The last couple of years must have been a whirlwind for Stephen Curry. Last season, he made history by becoming the first player to win the MVP Award by a unanimous vote. He led the Golden State Warriors through the NBA’s most fantastic regular season, ever. Unfortunately, they tripped at the finish line in the worst possible way, coughing up their 3-1 Finals series lead to the Cleveland Cavaliers.
Since then, his numbers just aren’t what they were. How has that season, and the Warriors’ acquisition of Kevin Durant, changed Curry’s play?
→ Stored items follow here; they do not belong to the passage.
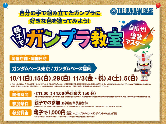 ※每位子女可領取一組「1/144 RX-78-2 鋼彈 組裝體驗會Ver.」。
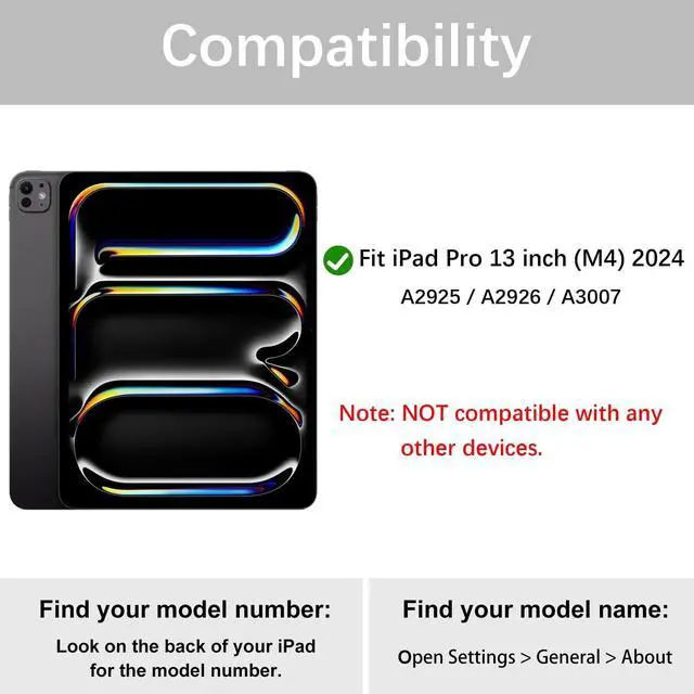 Compatibility- Protective case for Apple iPad Pro 13 inch 2024 (M4). NOT compatible with any other devices. NO pen in package. ^^ Support 3 System&Full Shortcut Keys- The magnetic wireless keyboard can be removed from the case freely. Compatible with iOS, Android, Windows. Just press Fn and corresponding keys (QWE) to change the keyboard system. Hot keys Customized for iPads, Full Shortcut Keys give you a more efficient way to use your keyboard. ^^ Long Life Battery&Rechargeable Slim Bluetooth Wireless Keyboard&Instant pairing- 2-3 hours full charge, work for more than 80 hours, stand by for 130 days.
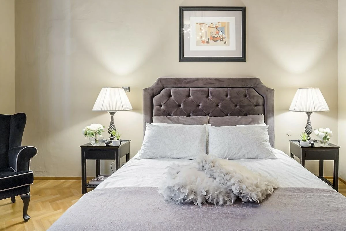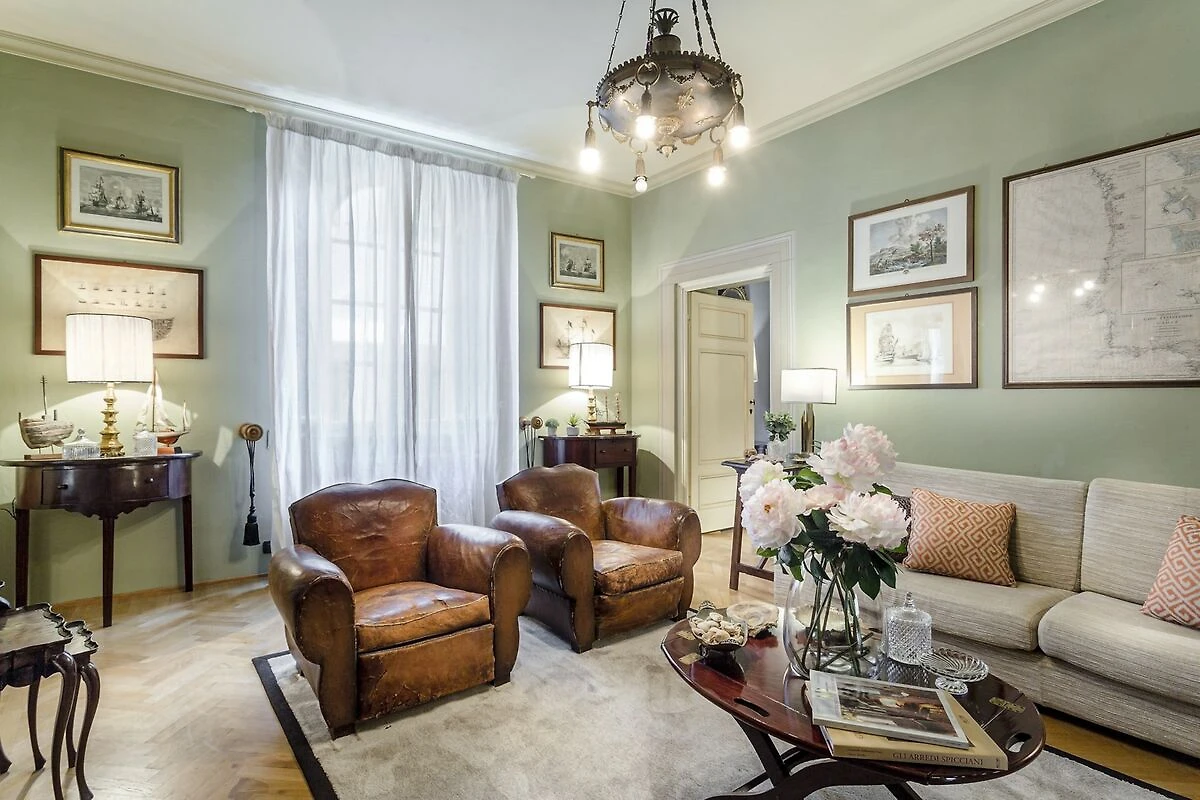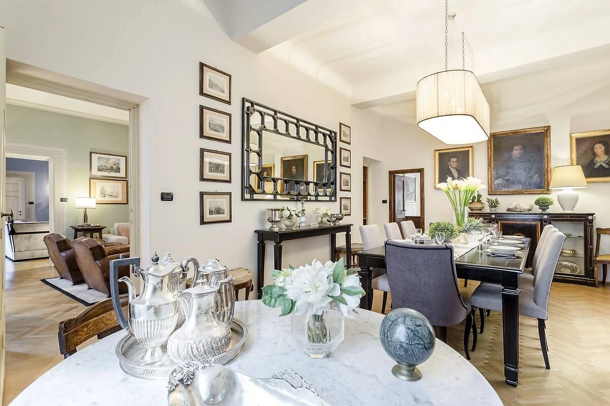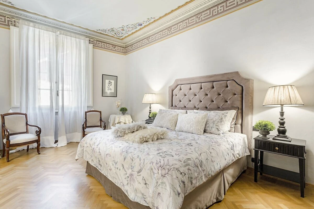 Die Wohnung verbindet harmonisch die Eleganz ihres architektonischen Erbes mit modernem Komfort. Merkmale wie Deckenfresken und ein Marmorkamin erinnern an die reiche Vergangenheit der Stadt, während moderne Annehmlichkeiten wie Kabel-TV, WLAN und Klimaanlage einen komfortablen Aufenthalt gewährleisten. Das Arbeitszimmer bietet den idealen Platz zum Arbeiten von zu Hause aus, während die gut ausgestattete Küche mit Geschirrspüler die stressfreie Zubereitung von Mahlzeiten ermöglicht und so die gemeinsame Zeit am großen Esstisch mit Freunden und Familie entspannt gestaltet.
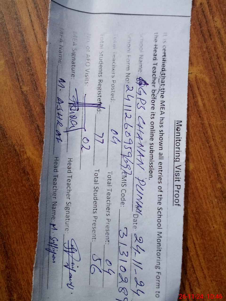 | Attendance Register | Head Teacher | MEA with School | Visit Proof |
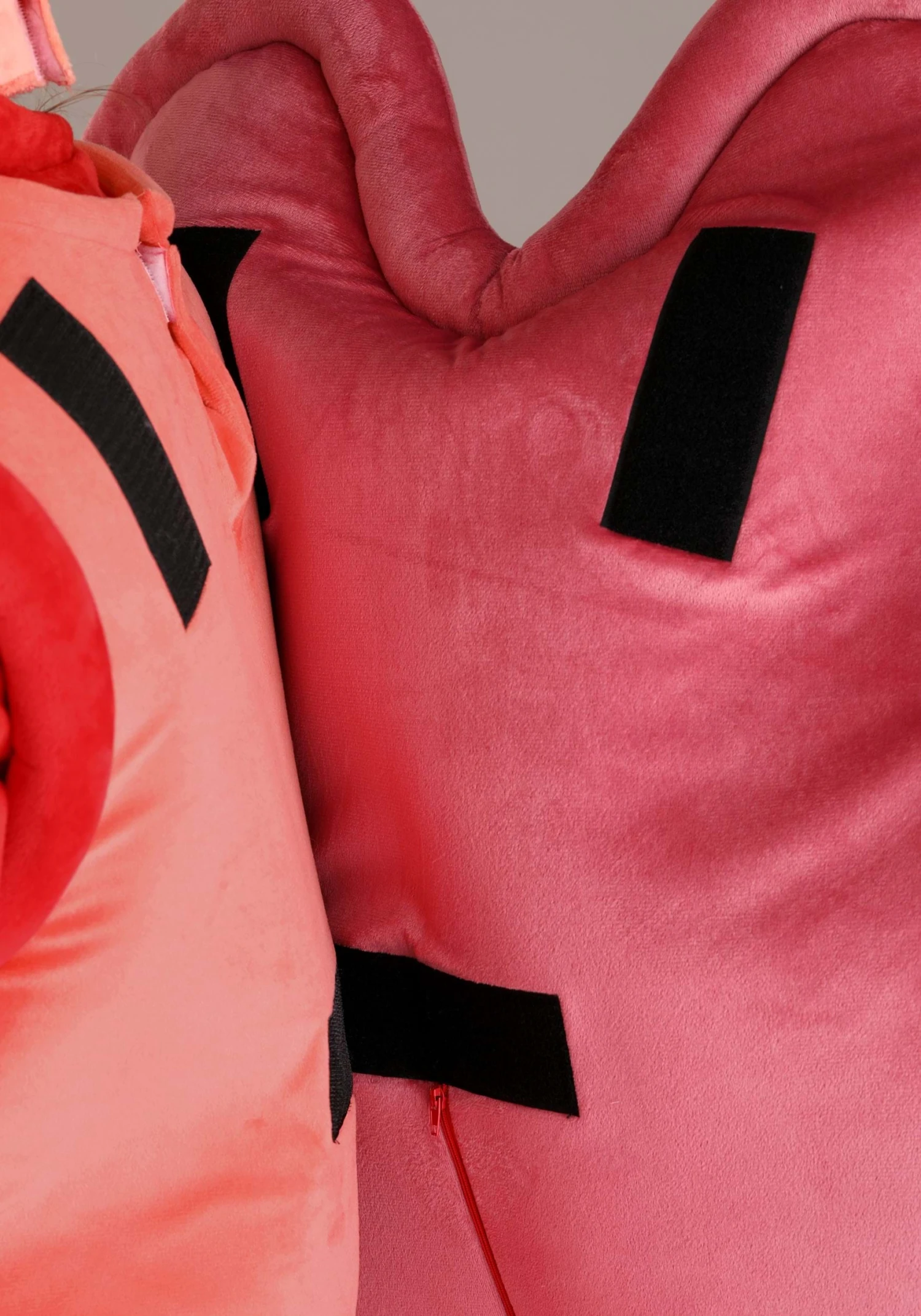 - Foam backed minky shell secures to the back of the bodysuit with hook and loop fasteners

Stephen Curry – Sharing the Floor
Last year, the league practically threw the MVP trophy at Stephen Curry – a vote for anybody else would have been a travesty. Curry averaged 30.1 points, 5.4 rebounds, and 6.7 assists for his MVP campaign. From long range, Curry was a sniper: he made 402 3-pointers over the regular season, crushing the league’s – and his own – previous record of 286. He cemented his spot as one of the greatest shooters of all time, entering the 50-40-90 club (percentages for FG, 3PT FG, and FT) for the second straight year.
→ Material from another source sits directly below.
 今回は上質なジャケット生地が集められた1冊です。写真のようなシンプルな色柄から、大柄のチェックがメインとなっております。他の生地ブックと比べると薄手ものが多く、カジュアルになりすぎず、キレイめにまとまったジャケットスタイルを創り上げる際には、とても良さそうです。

Only six other players are in that club. Those are Larry Bird, Reggie Miller, Mark Price, Steve Nash, Dirk Nowitzki… and Kevin Durant.
The biggest reason Stephen Curry’s numbers have dropped is also the most obvious. Sharing the team with Durant has meant sharing the ball more often. It means stepping out of the limelight momentarily so another can occasionally step in. Durant is having something of an MVP season himself, scoring 25.9 points per game on an extremely efficient 53.7%.
This season, Curry is averaging 24.7 points, 4.4 rebounds, and 5.9 assists – all drops from his 2016 run. But is this such a bad thing from a 2-time MVP?
Saving the Best for Last
The sobering loss in last year’s Finals has taught Curry something: the best players save their best for last. LeBron James is 5 years Curry’s senior and has long since learned this lesson. You can see this in the way Curry celebrates less now in the regular season. Wins and big plays aren’t punctuated by huge celebrations, not like last year, when winning 73 games seemed like the most important thing. He doesn’t beat his chest with the same bravado as he did before. He reserves a modest pump of the fist for those kinds of moments.
With two trips to the Finals under his belt – a win and a loss – Curry has come to the stage in his career that individual awards matter less, and championship wins, more. You can see in his demeanor that the regular season has become a slow burn for him, with his sights are set clearly on the Finals.
Is Curry going to win the MVP this year? If the second half of the season chugs along the way the first half has, then probably not. James Harden and Russell Westbrook continue to lead the pack in that race. NBA.com‘s MVP ladder has guys like Giannis Antetokounmpo and Isaiah Thomas ahead of Curry right now.
But the question is, will Stephen Curry be able to turn up his performance for the Playoffs, and the Finals? Because that’s what he seems to be revving up for. And the rest of the league should watch out for that.